What is the cause of this problem? Why does it exist?


I think the cause of the problem is either looking at information and not coming to the right conclusions or just ignoring the information you have in front of you. In my world I want to make business faster, easier, cheaper, better. How you do that is look at all the information. If the information is there, use it; that’s how you can solve this problem.


My last question is: How can it be done better? Where have you seen success?


Well, I worked at a company as a purchasing manager. At the time, we thought that we could only produce $700,000 worth of merchandise a month. One day at a production meeting, we were sitting around, and I was looking at the paperwork, the reports, and I said, “Does anybody notice this? On the report, the first two weeks of the month, you guys made five hundred thousand dollars’ worth of merchandise. Do you not see that if you just duplicate this, we’ll have our first million-dollar month?” When they looked at it, they agreed with me.
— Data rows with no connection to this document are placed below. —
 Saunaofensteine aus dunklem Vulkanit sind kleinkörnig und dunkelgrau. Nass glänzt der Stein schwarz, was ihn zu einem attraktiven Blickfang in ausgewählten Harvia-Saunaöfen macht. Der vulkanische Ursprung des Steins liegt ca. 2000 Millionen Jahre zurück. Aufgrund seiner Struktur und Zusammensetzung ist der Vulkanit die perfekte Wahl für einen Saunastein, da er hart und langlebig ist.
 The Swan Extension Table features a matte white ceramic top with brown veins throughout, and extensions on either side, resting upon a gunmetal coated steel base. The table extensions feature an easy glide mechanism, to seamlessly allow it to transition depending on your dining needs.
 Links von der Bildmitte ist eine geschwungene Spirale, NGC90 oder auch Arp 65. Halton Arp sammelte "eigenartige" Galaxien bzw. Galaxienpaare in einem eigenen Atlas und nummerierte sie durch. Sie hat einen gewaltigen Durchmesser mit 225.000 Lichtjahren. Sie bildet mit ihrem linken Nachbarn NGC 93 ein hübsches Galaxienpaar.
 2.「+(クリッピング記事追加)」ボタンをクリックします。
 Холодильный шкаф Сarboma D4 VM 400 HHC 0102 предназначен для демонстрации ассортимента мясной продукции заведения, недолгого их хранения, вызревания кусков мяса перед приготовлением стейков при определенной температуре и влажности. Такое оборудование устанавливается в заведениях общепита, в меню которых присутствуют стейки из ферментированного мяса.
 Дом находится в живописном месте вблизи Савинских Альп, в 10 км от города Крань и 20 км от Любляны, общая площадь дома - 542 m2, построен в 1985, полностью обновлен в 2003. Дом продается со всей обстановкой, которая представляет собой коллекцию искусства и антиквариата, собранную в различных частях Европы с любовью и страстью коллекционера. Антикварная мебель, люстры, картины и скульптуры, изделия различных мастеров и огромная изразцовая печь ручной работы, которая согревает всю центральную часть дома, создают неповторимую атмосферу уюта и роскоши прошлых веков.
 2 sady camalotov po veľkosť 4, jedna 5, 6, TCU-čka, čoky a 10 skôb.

They didn’t have to do anything new, different, better, cheaper, nothing. All they needed to do was duplicate what they just did and they did it. By setting goals and achieving the goals and then resetting goals, it wasn’t long before we were doing $2 million a month and, in some cases, $2.5 million a month. In short, they could always do it; they just didn’t know they could do it.


Thank you, Martin, for sharing today on this important topic.


I appreciate you calling and talking with me. I hope that more people use this information and make their companies faster, easier, cheaper, and better.